Si è parlato e si parla ancora tanto della Baby Blues, la depressione che può colpire le mamme dopo il parto. Odiata, temuta, incompresa, incomprensibile, fastidiosa, invalidante come tutte le depressioni, ora parrebbe che la baby blues si possa prevenire, o quanto meno la si possa “raggirare”, proprio come in un campo di battaglia.
All’Università della California è stato scoperto l’ormone additato come colpevole della fantomatica depressione. La ricerca, pubblicata  sul "Archives of General Psychiatry" che ha smascherato tale ormone, ha preso in esame cento donne incinte, analizzando i loro livelli ormonali dopo tre mesi dal parto e continuando a monitorarle a livello emotivo anche in seguito.

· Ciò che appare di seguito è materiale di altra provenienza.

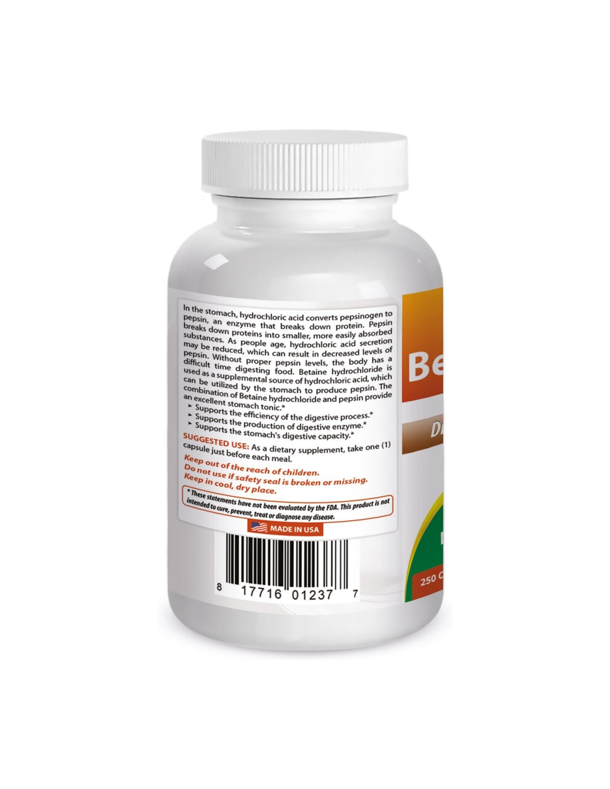 En el estómago, el ácido clorhídrico convierte el pepsinógeno en pepsina, una enzima que descompone las proteínas. La pepsina descompone las proteínas en sustancias más pequeñas y de más fácil absorción. A medida que las personas envejecen, la secreción de ácido clorhídrico puede reducirse, lo que puede provocar una disminución de los niveles de pepsina. Sin niveles adecuados de pepsina, el cuerpo tiene dificultades para digerir los alimentos. El clorhidrato de betaína se utiliza como fuente suplementaria de ácido clorhídrico, que el estómago puede utilizar para producir pepsina. La combinación de clorhidrato de betaína y pepsina proporciona un excelente tónico estomacal.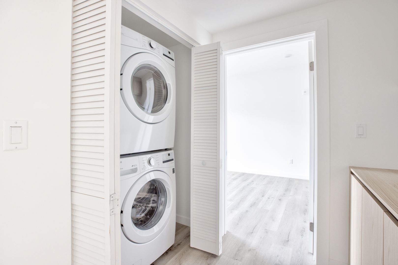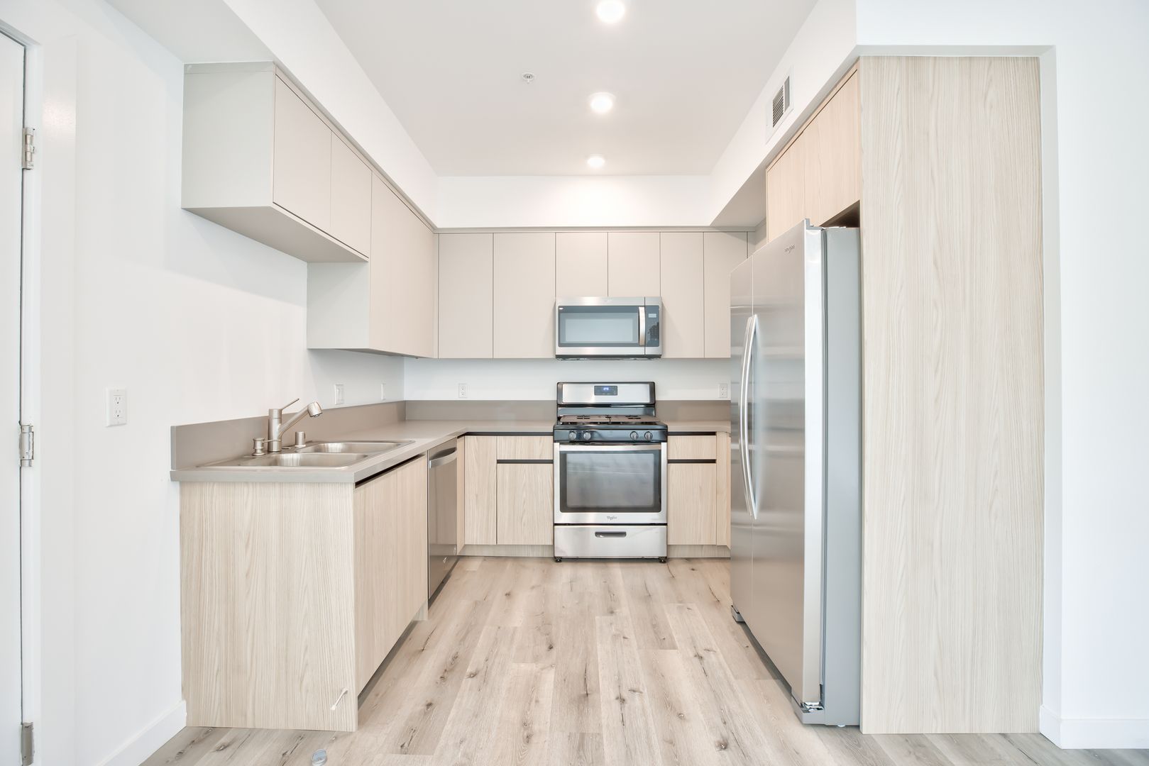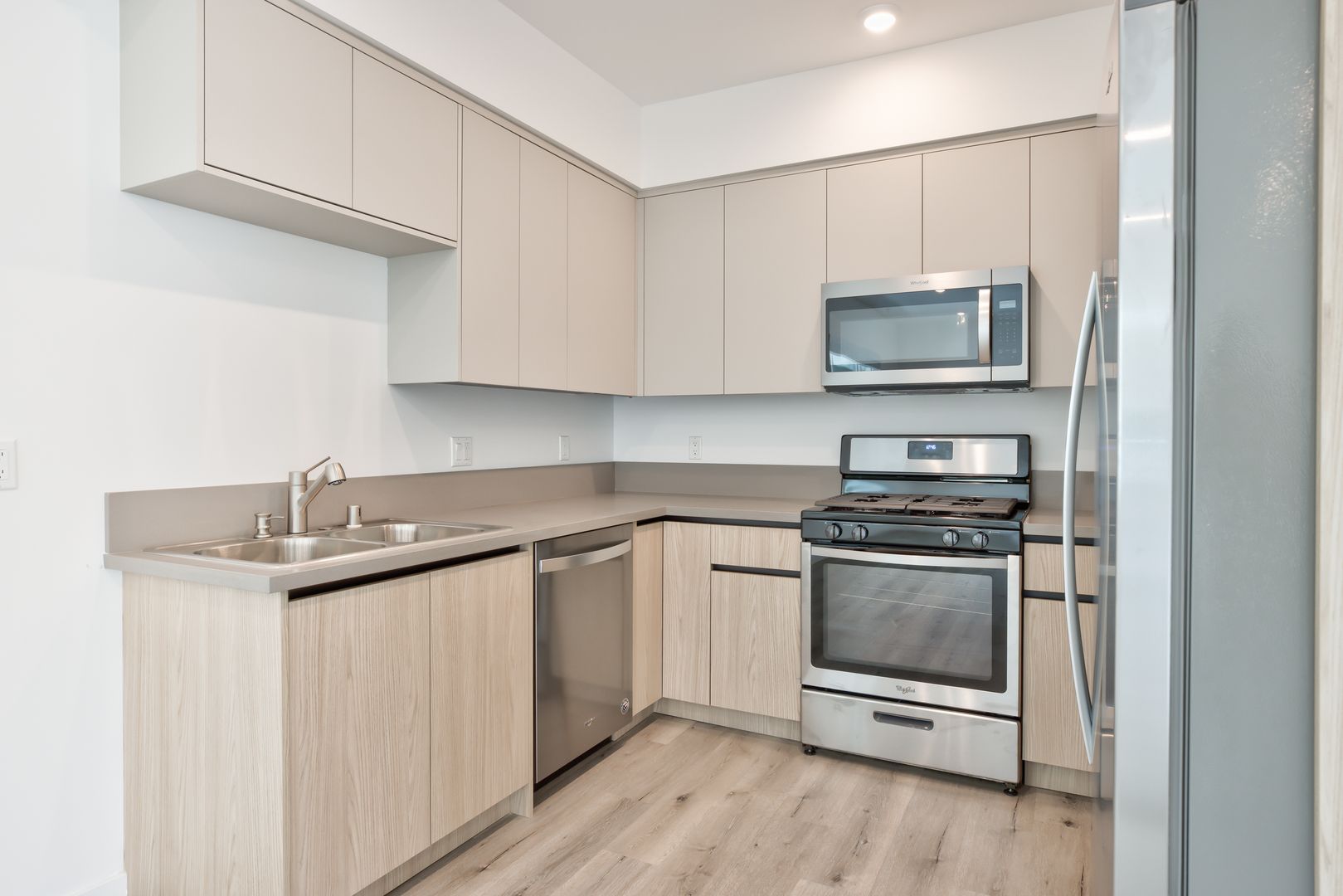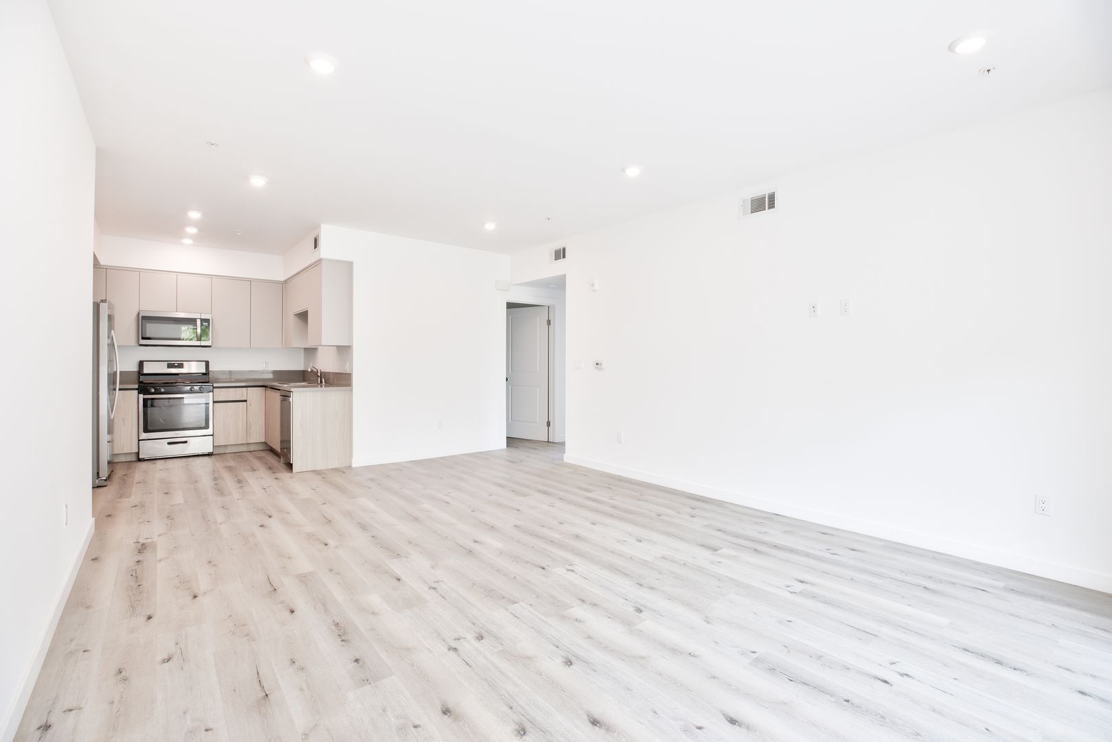 Our apartments offer you a modern and spacious layout to create a comfortable atmosphere, the living area features high ceilings and wood-like vinyl flooring. The open kitchen includes quartz countertops, and plenty of storage in the cabinetry. Stainless steel appliances Included are the stove, dishwasher, and microwave, every unit included a washer and dryer.

Confrontando poi il monitoraggio con i risultati degli esami, i ricercatori hanno notato che nel 75% dei casi  il CRH (ormone di liberazione della corticotropina) era presente in considerevole quantità nelle donne affette da baby blues. Sarebbe dunque proprio lui, il CRH il famigerato colpevole.
La conclusione della ricerca indicherebbe quindi che la depressione post-partum si può forse prevenire con un semplicissimo test di monitoraggio degli ormoni: questo significherebbe poter preparare medici, partner, famiglia e mamme stesse ai pericoli emotivi della baby blues, con un conseguente miglioramento nell’affrontarla. Un rimedio rivoluzionario, che eviterebbe non solo sofferenze, ma anche tragici epiloghi.
Solo una precisazione: usare il verbo combattere in questo contesto, non significa inforcare le armi e buttarsi alla cieca. Ci vuole determinazione, coraggio e forza, ma anche strategia: bisogna ricordarsi sempre che il nemico da combattere non siamo noi stesse, ma quel mostro buio che ci avvolge con le sue spire. Non siamo noi il problema, non siamo noi a dover soccombere, non siamo noi le colpevoli: in quei momenti è importante rimanere lucide, sapere cosa e chi siamo veramente, perché sarà proprio il nostro essere a liberarsi e a liberarci dalle grinfie della depressione.